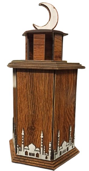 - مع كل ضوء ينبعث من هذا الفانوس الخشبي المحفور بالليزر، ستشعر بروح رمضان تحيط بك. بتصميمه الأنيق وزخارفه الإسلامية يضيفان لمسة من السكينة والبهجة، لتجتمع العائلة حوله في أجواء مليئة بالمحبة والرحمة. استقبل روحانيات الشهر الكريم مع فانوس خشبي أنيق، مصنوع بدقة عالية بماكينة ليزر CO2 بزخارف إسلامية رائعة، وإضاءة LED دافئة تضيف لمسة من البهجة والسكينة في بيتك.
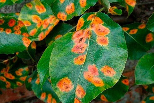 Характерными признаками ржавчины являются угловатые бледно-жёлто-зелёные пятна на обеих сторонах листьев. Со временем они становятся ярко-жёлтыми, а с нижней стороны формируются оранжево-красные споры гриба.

--

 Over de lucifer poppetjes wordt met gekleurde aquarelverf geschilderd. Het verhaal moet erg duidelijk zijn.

---

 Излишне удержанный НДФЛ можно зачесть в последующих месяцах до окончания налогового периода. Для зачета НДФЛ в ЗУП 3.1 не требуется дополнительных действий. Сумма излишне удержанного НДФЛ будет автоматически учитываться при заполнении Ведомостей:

Task brief
Between and including the line above that contains "- مع كل ضوء" and the line that contains "Характерными признаками ржавчины", restate every line word for word. Pictures stay out.

Response to the task
 - مع كل ضوء ينبعث من هذا الفانوس الخشبي المحفور بالليزر، ستشعر بروح رمضان تحيط بك. بتصميمه الأنيق وزخارفه الإسلامية يضيفان لمسة من السكينة والبهجة، لتجتمع العائلة حوله في أجواء مليئة بالمحبة والرحمة. استقبل روحانيات الشهر الكريم مع فانوس خشبي أنيق، مصنوع بدقة عالية بماكينة ليزر CO2 بزخارف إسلامية رائعة، وإضاءة LED دافئة تضيف لمسة من البهجة والسكينة في بيتك.
 Характерными признаками ржавчины являются угловатые бледно-жёлто-зелёные пятна на обеих сторонах листьев. Со временем они становятся ярко-жёлтыми, а с нижней стороны формируются оранжево-красные споры гриба.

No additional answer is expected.